Typical MDX examples for "give me the top 5 Bs for each A" look like this:
-- return top 5 clients for each firm
select
[Measures].[Amount] on columns,
NON EMPTY generate(
[Firms].[Firm Name].Children,
crossjoin(
[Firms].[Firm Name].CurrentMember,
TopCount([Clients].[Client Name].Children, 5, [Measures].[Amount])
)
)
on rows
from [FirmsAndClients]
I'm prototyping a UI that does a lot of these "top 5" type queries, so I'm looking for any tips to speed them up in particular, especially when crossjoin(A, B) has mostly null measure values.
In this particular case Firms x Clients was big (n=5000 x n=20,000, more or less) and sparse, and I was able to speed things up by a factor of about 100 by replacing the NON EMPTY with a filter(NOT ISEmpty) inside the crossjoin:
-- return top 5 clients for each firm
select
[Measures].[Amount] on columns,
generate(
[Firms].[Firm Name].Children,
crossjoin(
[Firms].[Firm Name].CurrentMember,
TopCount(
filter([Clients].[Client Name].Children, NOT IsEmpty([Measures].[Amount]))
5,
[Measures].[Amount])
)
)
on rows
from [FirmsAndClients]
I was hoping to get a further performance benefit from pre-warming the SSAS caches by running similar queries, but I've discovered the above query (i.e. the one with "filter") is equally slow when run against warm and cold caches. Playing with Sql Profiler, I've discovered part of why this might be: While SSAS is caching portions of the underlying cube data, it doesn't seem to cache the results from the query-as-a-whole, nor does it seem to cache the intermediate sets created by generate or by crossjoin. Thus it has to redo the generate and crossjoin and topcount each time I repeat the query.
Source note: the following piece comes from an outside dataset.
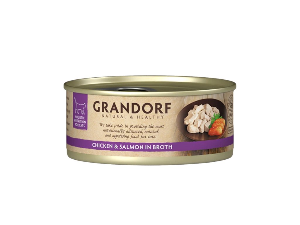 Kuře, které voní lososem, lákavá kočičí lahůdka pro fajnšmekry. Čisté maso, které poznáte na první pohled. Přírodní doplňkové bezobilné krmivo pro pro dospělé kočky vyrobené z vybraných masových filetů, vařených ve vlastní šťávě. Jen maso a nic víc, perfektní doplněk suchého krmiva pro zpestření kočičího jídelníčku. Dopřejte své kočce skutečnou masovou pochoutku.Konzervy Grandorf pro kočky obsahují pouze kvalitní maso v celých kouscích, žádné náhražky ani imitace masa. Díky vysokému podílu čistého masa (75 %) nabízí přirozenou a chutnou lahůdku, kterou si vaše kočka zamiluje. Stačí otevřít konzervu a kvalitu uvidíte na první pohled. Poctivé kousky masa v přirozené šťávě vás nenechají na pochybách, čím svou kočku krmíte. S Grandorfem máte jistotu čistého složení a chuti, kterou si vaše kočky zamilují.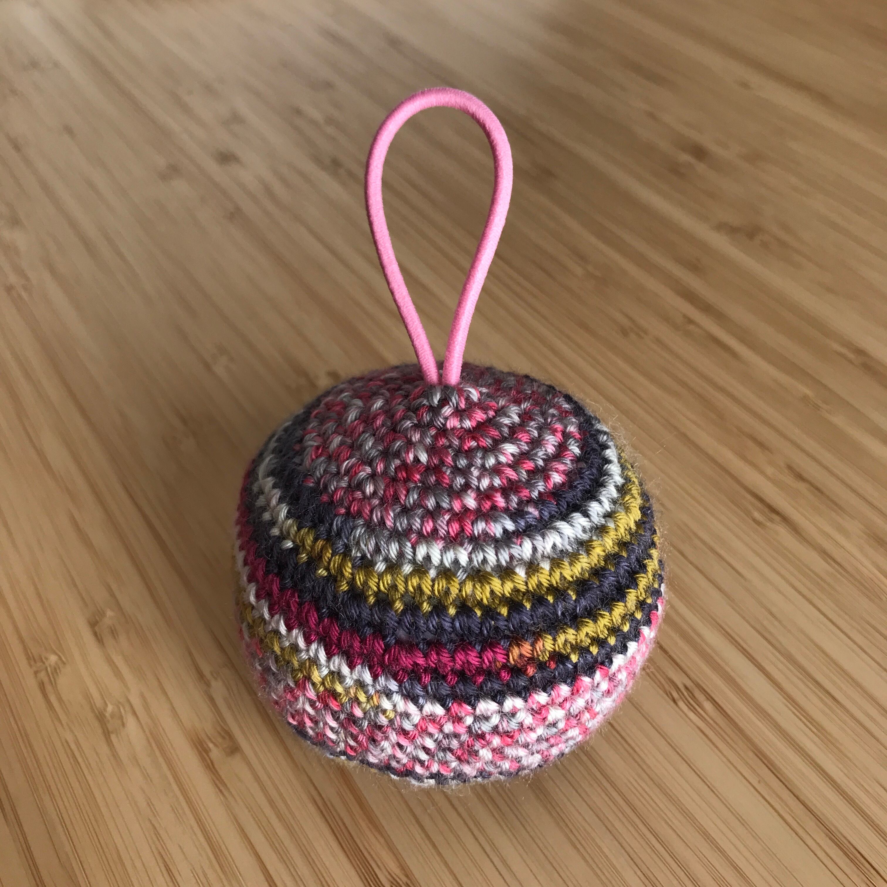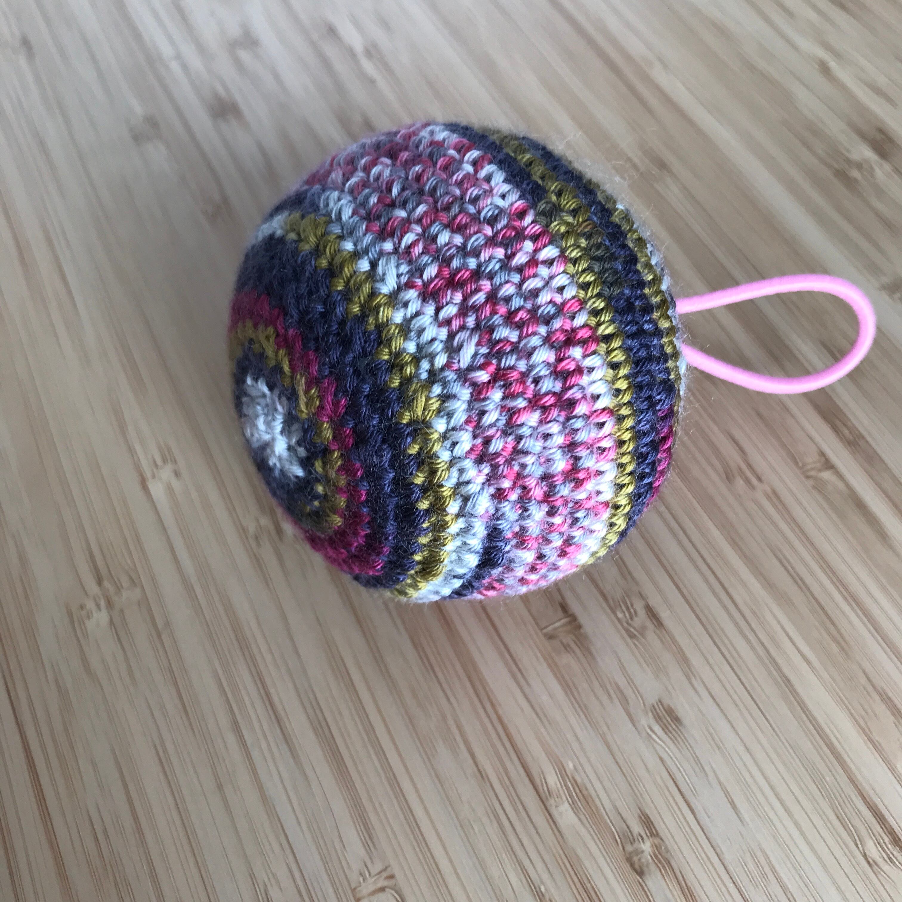 コットンで編み上げたボールの中にクッションを入れ、

And even even though each topcount appears to take 1ms or less, those milliseconds add up when iterating across thousands of Firms.
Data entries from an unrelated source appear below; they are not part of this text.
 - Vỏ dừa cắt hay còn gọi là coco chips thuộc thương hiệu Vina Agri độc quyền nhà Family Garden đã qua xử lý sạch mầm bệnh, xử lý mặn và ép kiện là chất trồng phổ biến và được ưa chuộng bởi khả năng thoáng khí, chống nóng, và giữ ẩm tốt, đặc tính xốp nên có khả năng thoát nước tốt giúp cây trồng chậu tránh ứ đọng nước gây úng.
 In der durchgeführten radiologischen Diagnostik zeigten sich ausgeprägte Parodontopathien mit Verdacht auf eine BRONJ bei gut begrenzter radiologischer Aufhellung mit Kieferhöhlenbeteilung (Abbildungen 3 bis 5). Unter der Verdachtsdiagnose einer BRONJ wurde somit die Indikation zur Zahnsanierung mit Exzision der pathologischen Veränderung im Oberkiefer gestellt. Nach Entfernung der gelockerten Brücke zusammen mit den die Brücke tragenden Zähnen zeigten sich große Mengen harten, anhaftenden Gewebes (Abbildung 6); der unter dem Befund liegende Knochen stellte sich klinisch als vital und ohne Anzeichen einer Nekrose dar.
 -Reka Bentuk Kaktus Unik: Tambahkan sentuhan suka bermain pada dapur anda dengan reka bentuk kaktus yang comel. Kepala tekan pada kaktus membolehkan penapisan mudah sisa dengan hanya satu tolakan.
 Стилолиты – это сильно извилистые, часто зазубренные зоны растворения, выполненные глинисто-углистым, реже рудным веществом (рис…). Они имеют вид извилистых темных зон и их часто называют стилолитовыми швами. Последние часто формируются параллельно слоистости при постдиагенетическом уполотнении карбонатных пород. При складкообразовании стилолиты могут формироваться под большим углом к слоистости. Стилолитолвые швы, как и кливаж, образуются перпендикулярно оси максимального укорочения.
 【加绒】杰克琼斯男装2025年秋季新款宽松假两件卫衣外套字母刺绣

Any tips on what I can do, at the MDX level or the cube level or the Sql Server tuning level? In the SQL world I could get some mileage out of creating an index on the columns I wanted to sort by. As far as I know there's nothing like that for OLAP, though.
Conceivably this is a more general question of what to do when you want to speed up an MDX query that involves complicated sorting and filtering (which apparently doesn't sit 100% well with the SSAS caching system).